A good way to identify this one (and get rid of it) might be to use the `subset` command. Noticing that the outlier is the only one with `Height` more than 150cm, we could use:

```{r}
only_donkeys = subset(donkey, Height < 150)
```

This creates a new data frame (notice it's in your Environment) with all the donkeys except the outlier. Redo the plot above (copy and paste the code) using this new data frame instead.

```{r}

```

Now, add some more code (you can do it in the code block above, or add a new one) to produce plots of body weight versus the other measurement variables (Length, Heartgirth, Umbgirth). Add some notes in response to the following questions:

 - How would you describe the relationships you see in the graphs?
 - Are they increasing or decreasing?
 - Are they straight lined or curved?
 - Which one would describe the **strongest** relationship do you think? What criteria are you using to assess this?

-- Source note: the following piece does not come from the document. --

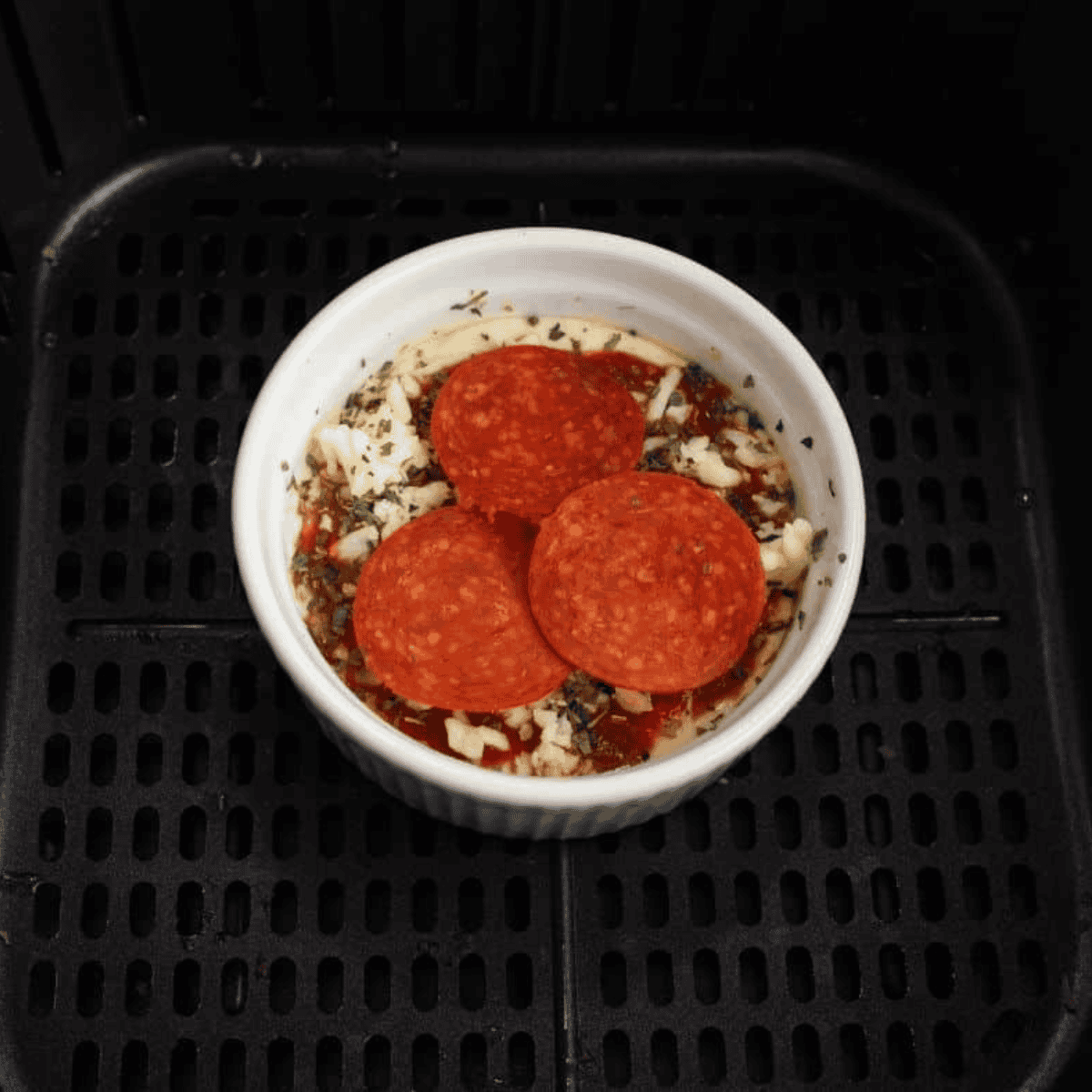 Step Five: Preheat your air fryer temperature to 375 degrees F (190°C), for 3-5 minutes. Place the mug or ramekin in the air fryer basket. Set cook time for 8-10 minutes or until the crust is golden brown and the cheese is melted and bubbly.

You should have noticed a *slight* curve in the body weight vs heartgirth plot. It turns out that the main tool we have in statistics is fitting a straight line to some data. So we usually try and make sure everything looks like a straight line. A classic way to do this is by using a log transformation. You can do this two ways: Firstly, we could replace `Heartgirth` and `Bodywt` in the `aes` bit with transformed versions `log(Heartgirth)` and `log(Bodywt)`. Try that in the code block below.

```{r}

```

An alternate is to leave them as-is, and add on `+ scale_x_log10()` after the `geom_point()` to switch the x axis to a log scale. In the code below I've also told the `scale_x_log10` function where I'd like the axis breaks/labels to go.

```{r}
ggplot(data=only_donkeys) + geom_point(mapping=aes(x=Heartgirth, y=Bodywt)) +
  scale_x_log10(breaks=c(80,100,120,140)) + scale_y_log10(breaks=c(50,100,150,200))
```

Just for interest, try using a smoother (to show the 'average' relationship). You can do this by switching the `geom_point` to `geom_smooth`.

You can also add both to the same plot - i.e. add the `geom_point` bit and then add on `geom_smooth` as well.

Once you're happy with your plot, add a comment or two about the relationship you see to your notebook to finish it up.